Hoje de manhã quando acordei foi quando decidi que finalmente leria as palavras ali escritas, porque todos os dias eu acordava e olhava pra carta , alguns dias eu queria que ela sumisse, outros, que as palavras simplesmente flutuassem e então eu não precisaria abri-la. Finalmente criei coragem.

Levantei dá cama e desci as escadas com a carta em mãos,dando um susto na minha mãe que não me via saindo do quarto à dias , com o pijama mesmo eu segui em direção a rua,indo para o parquinho duas quadras depois dá minha casa.

Indo pra o nosso lugarzinho de quando éramos bem menores e não sabíamos o que a vida podia nos proporcionar.

Sentei-me na ponta do escorregador e segurei firme a carta entre minhas mãos, lá no fundo querendo que o vento a levasse.

Perdendo a coragem.

E sentindo todos aqueles sentimentos novamente,as lágrimas voltando.

Quando finalmente abri a carta minhas mãos tremiam tanto quanto a mão de alguém que sofre epilepsia. As letras estavam lá, uma coisa que me arrancou um sorriso, porque por seis meses eu imaginei como seria essa carta por dentro, imaginando se teria uma letra bem desenhada escritas com canetinha piloto com glitter, mas não,eram apenas as velhas e desorganizadas letras dá Beatriz.

O dia estava nublado e estava ventando muito, parecia que a tempestade dentro de mim havia explodido para o lado de fora.

A carta :

"Querida Bia, aposto que você já deve estar a beira de lágrimas (se já não estiver chorando).
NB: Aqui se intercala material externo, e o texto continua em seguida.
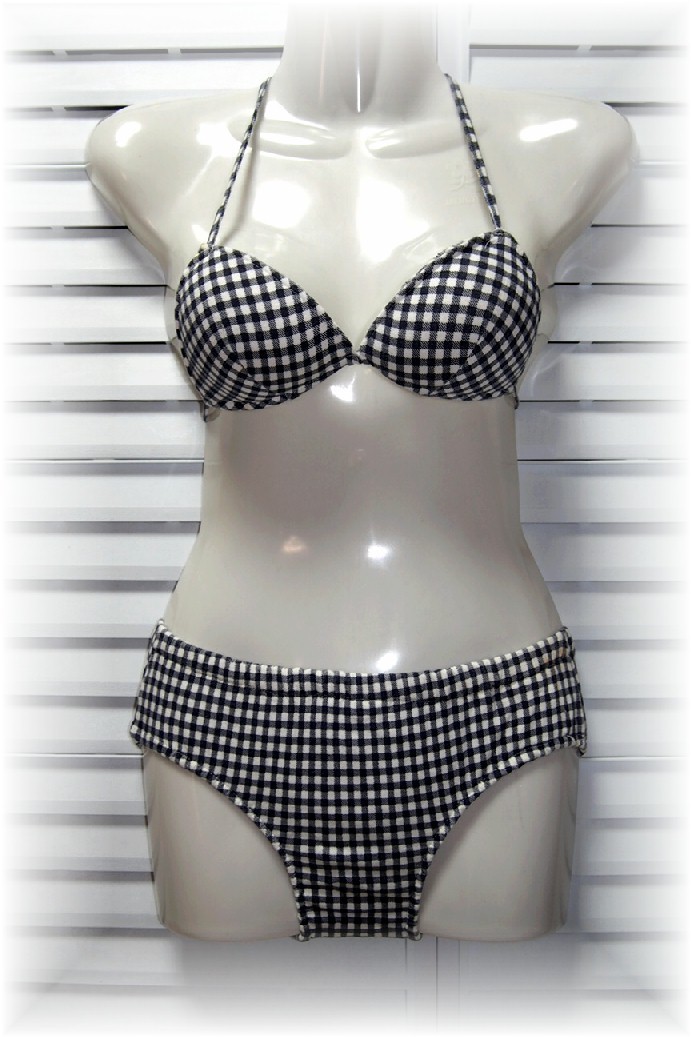 - イトキン セパレート水着 ビキニ 9号/M ブラック×ホワイトギンガムチェック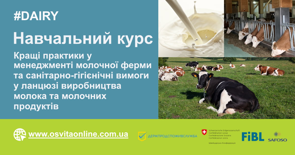 Запрошуємо пройти курс «Кращі практики у менеджменті молочної ферми та санітарно-гігієнічні вимоги у ланцюзі виробництва молока і молочних продуктів» на навчальній платформі Держпродспоживслужби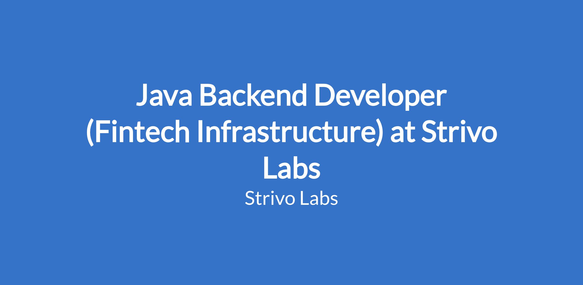 Java Backend Developer (Fintech Infrastructure) at Strivo Labs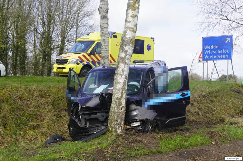 Auto raakt tegen boom bij eenzijdig ongeval in Nieuwe Pekela

Eu vim aqui e decidi que escrever algumas coisas pra você era bom , pensei que seria fácil, mas confesso que é ainda mais difícil que  a decisão que tomei, porque eu não sei por onde começar Bia.

Eu não me sentiria bem em partir sem deixar nem mesmo que fosse uma das minhas figurinhas dos Beatles .
Bem , você deve ter percebido que nos últimos dias eu tenho estado muito ausente,e te conhecendo como eu conheço, você já deve estar pensando que eu estou ressentida com você por alguma coisa errada que na sua cabeça você fez, mas não Bia,a culpa não é sua,e por incrível que pareça,nem minha.

Bia, antes de tudo,eu gostaria de que você soubesse de uma coisa que eu guardei por um bom tempo, talvez não tenha mais sentido eu te contar isso agora, talvez você tenha percebido, mas mesmo assim,eu preciso que você saiba por mim,eu quero que você escute/leia as minhas palavras.:

Eu sempre gostei mais de você,no meio das garotas que andavam conosco, talvez até mais do que eu deveria,a questão é que aparentemente você nunca percebeu.